Set up pagerduty for alerting and accountability #2072

patcon · 2014-02-25T19:55:56Z

In setting up hubot and preparing for him to be given responsibility, I feel we need a good way to make sure that if he ever goes down, someone will be alerted right away, and there will be chain of responsibility if that someone is unavailable (ie. an on-call schedule and escalation policy).

I've had experience with PagerDuty in the past, and they are a great tool, trusted by other great product companies (GitHub being one of them).

I personally wouldn't feel comfortable giving hubot any future control unless he's got properly monitored with alerting in place :) I'm really excited to work on implementing on-call schedules and rotations for other critical monitoring areas of Gittip. This will help us distribute responsibility to the right people (and away from Chad). And if you're on an on-call schedule, Gittip gets a little more real for you, which is a good thing :)

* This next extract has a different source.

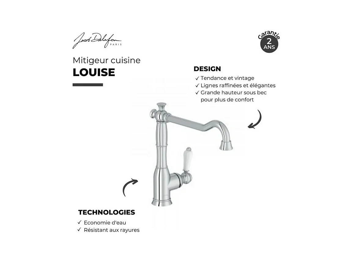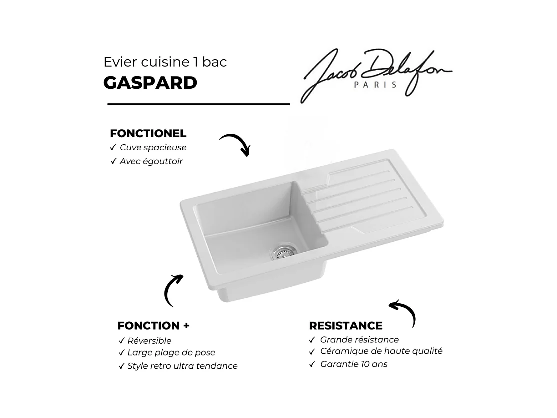 Evier à encastrer 1 bac JACOB DELAFON Gaspard + robinet cuisine Louise

Evolving vendor policy: gratipay/inside.gratipay.com#15
Roobot PagerDuty setup issue: gratipay/roobot#8

Todo

Create user for @whit537
Create user for @greggles
Create user for @bruceadams
Create user for @zwn
set up general downtime notifcations via uptimerobot (make sure schedule matching actual availability)
- @whit537
- @zwn
configure security@gittip.com
- ~~@whit537~~
- @patcon
- @greggles
- @bruceadams
- @zwn

chadwhitacre · 2014-02-27T16:45:26Z

Go for it. What do you need from me?

patcon · 2014-02-27T19:26:00Z

Just waiting on @m3matta to have some conversations on his end on Monday. We're not blocked on anything technical here, but I'd like to leave this open until we've sorted out the policy linked above, as I feel like we'll need that to wrap this up tidily.

Also, as part of the convo we had, I've offered to come in an give a Gittip presentation to the @PagerDuty team if they take me up on it (which I hope they do!). They're currently sharing a space with @uken games in Toronto.

patcon · 2014-02-27T19:49:35Z

Ah wait, we can use this issue for setting up security@gittip.com notifications via pagerduty too, as you suggested in IRC :)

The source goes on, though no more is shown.